Any reports from Indian? How is the ice thickness?

TIA!


Sent from my iPhone using Tapatalk


----------



## Dillon.R.Nott (Oct 4, 2015)

She’s dirty n’ thicc.


----------



## Philfish360 (Jan 11, 2015)

If I come that where is good place to get on in the stay at the campground and get on from there would like to try the ice this year


----------



## Dillon.R.Nott (Oct 4, 2015)

Philfish360 said:


> If I come that where is good place to get on in the stay at the campground and get on from there would like to try the ice this year


I mean when it’s this cold you can get on the ice from anywhere without a problem. Sometimes docks and sea walls are the first to melt so be careful around them. Other than that the campgrounds are all public so i would just pick a spot that looks pretty and camp it out.


----------



## linebacker43 (Aug 3, 2009)

Anybody gonna be out tomorrow, heading that way. Gonna try North Fork area first. Not sure of much hole hopping as it will be chilly willie again. Any body out I will be in the camo pop up with the heater blaring. Good luck all

Linebacker43


----------



## Philfish360 (Jan 11, 2015)

Whereas a good place to fish out there


----------



## Dillon.R.Nott (Oct 4, 2015)

Philfish360 said:


> Whereas a good place to fish out there


Look for a crowd of shanty’s and trucks and most of the time that’s a good starting spot.


----------



## Birdhntr (Sep 21, 2014)

Are you still able to park around Long Island?

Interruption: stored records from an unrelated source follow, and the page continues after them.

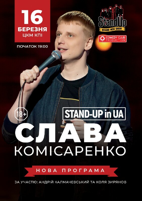 Слава Комісаренко, додатковий концерт у Києві! 16 березня о 19:00 в Палаці Культури КПІ топовий комік представить абсолютно нову програму. Запрошені гості: Андрій Калмачевський та Коля Зирянов.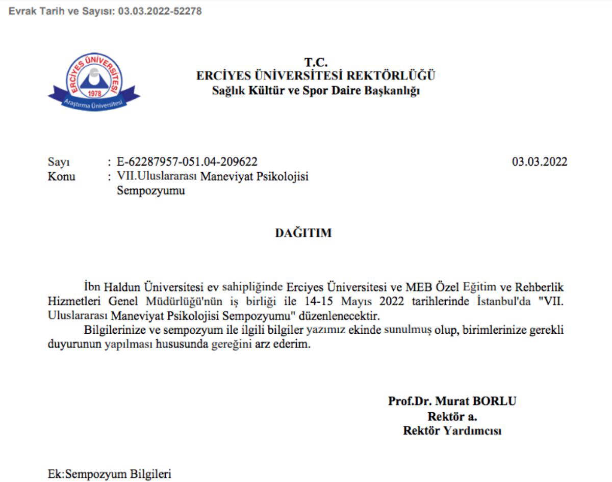 Etkinliğin düzenlenmesiyle ilgili rektörlüğün resmi yazısı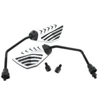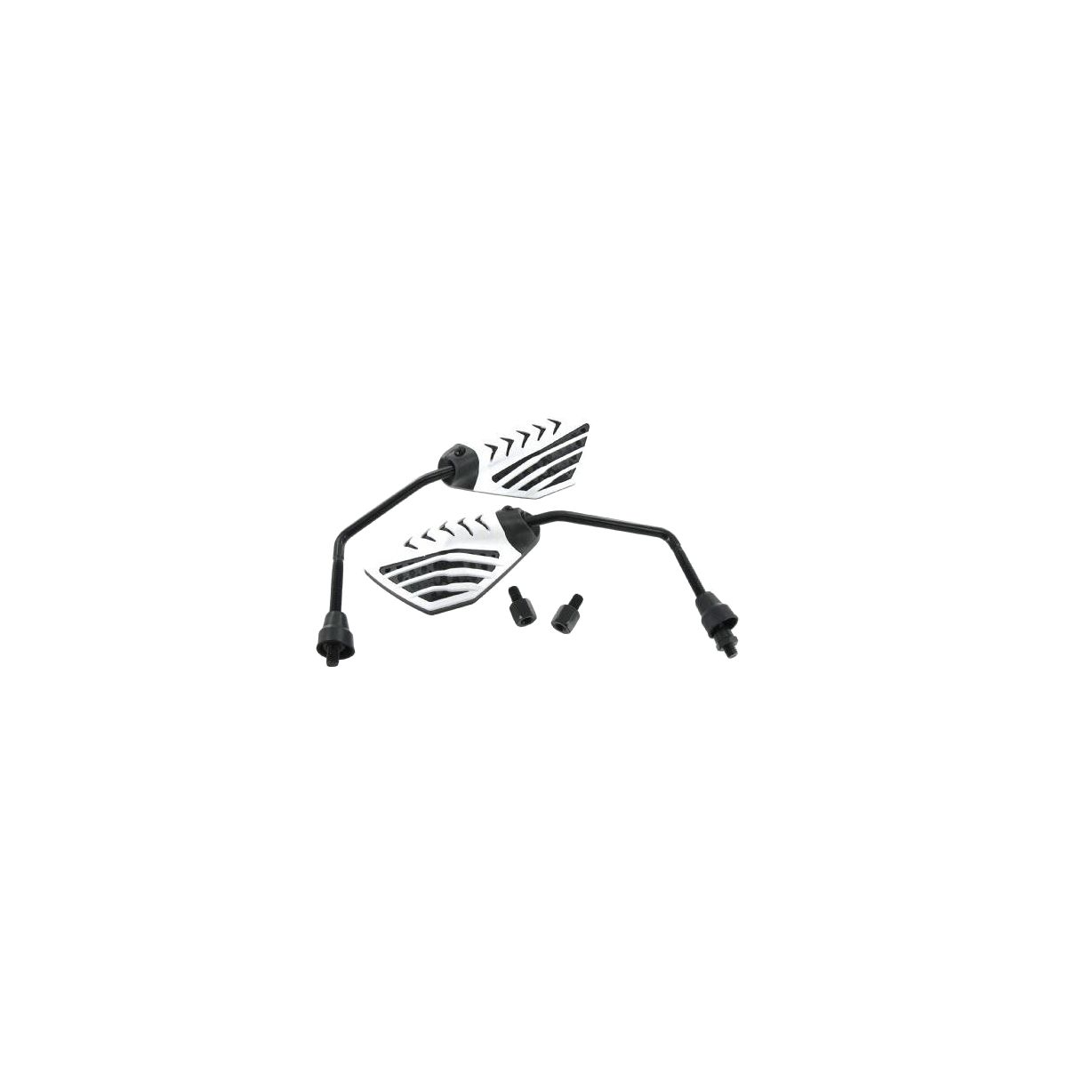 Dale estilo y funcionalidad a tu scooter o moto con este par de espejos Soko 🏍️. Universales M8, varillas y parte trasera negra con carcasa trasera blanca ajourada 🔹. Incluye 2 tuercas de fijación para una instalación sencilla.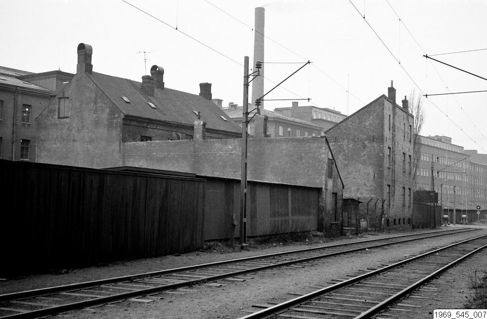 Järnvägsövergång vid Furutorpsgatan, gummifabriken i bakgrunden.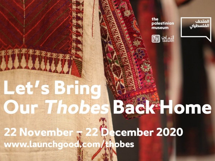 You will receive a thank you letter, campaign updates, a special edition digital poster, a video tour of the Thobes, an exclusive Q&A session with our curator, a 1-year 'friends of the Palestinian Museum membership' in the Khuzama Circle and a personal recognition on our website as an appreciation for your outstanding generous contribution.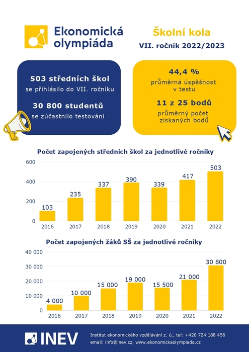 Na konci listopadu se vybraní studenti nástavbového studia podnikání rozhodli zúčastnit Ekonomické olympiády s cílem poměřit své znalosti z finanční a ekonomické gramotnosti s dalšími studenty. Je nám velkým potěšením pogratulovat k postupu do krajského kola EO slečně E. Novákové ze třídy 1.D, která dosáhla fantastické úspěšnosti 88 % správně zodpovězených otázek. Testování v krajských kolech bude probíhat písemnou formou. Až na výjimky se krajské kolo vždy koná v daném kraji na krajském úřadě nebo partnerské univerzitě. Krajská kola pro ročník 2022/23 se uskuteční na přelomu ledna a února 2023. Na základě výsledků krajských kol postoupí 50 žáků z celé České republiky do slavnostního finále konaného v reprezentativních prostorech České národní banky v Praze.

Heard of guys getting towed this year...


Sent from my iPhone using Tapatalk


----------



## fishwendel2 (Nov 19, 2007)

Birdhntr said:


> Are you still able to park around Long Island? Heard of guys getting towed this year...
> 
> 
> Sent from my iPhone using Tapatalk


Park on the side of the road and NOT in the turn around that looks like a parking lot. No Trespassing signs everywhere


----------



## carp (Oct 31, 2011)

On it last night, 8", 56 gills, 12 crappie, 3 perch, 25 saugeye kept 5 legal fish!


----------



## 1more (Jan 10, 2015)

You must have found the glory hole!


----------



## Dillon.R.Nott (Oct 4, 2015)

1more said:


> You must have found the glory hole!


Not the term I would use but... yeah pretty much. LOL


----------



## Dillon.R.Nott (Oct 4, 2015)

Wonder how the ice will hold with this warm weather?


----------



## dcool (Apr 14, 2004)

With the temps in the high 50s the next two days, plus they are calling for heavy rainfall in the area, I think the ice is going to deteriorate really fast. And with all the runoff, the ice that is left will probably be too dangerous to get on.


----------



## james. (Sep 20, 2016)

Just got off a plane from Florida what's the word on the ice can I get on it tomorrow or no? thanks in advance


----------



## Dillon.R.Nott (Oct 4, 2015)

james. said:


> Just got off a plane from Florida what's the word on the ice can I get on it tomorrow or no? thanks in advance


I’ve heard some distant reports saying the ice is shot so doubt you can get on it


----------



## 1MoreKast (Mar 15, 2008)

Yesterday ice was ranged 4 to 6”. Sitting on clear 6” now. Just watch the areas of flow. Some open water out there so stay clear of all the bridges and tight water highways. But the ice is fine outside those areas.


----------



## odell daniel (Nov 5, 2015)

below freezing temps for Russel's Point the next 4 days, any chance?


----------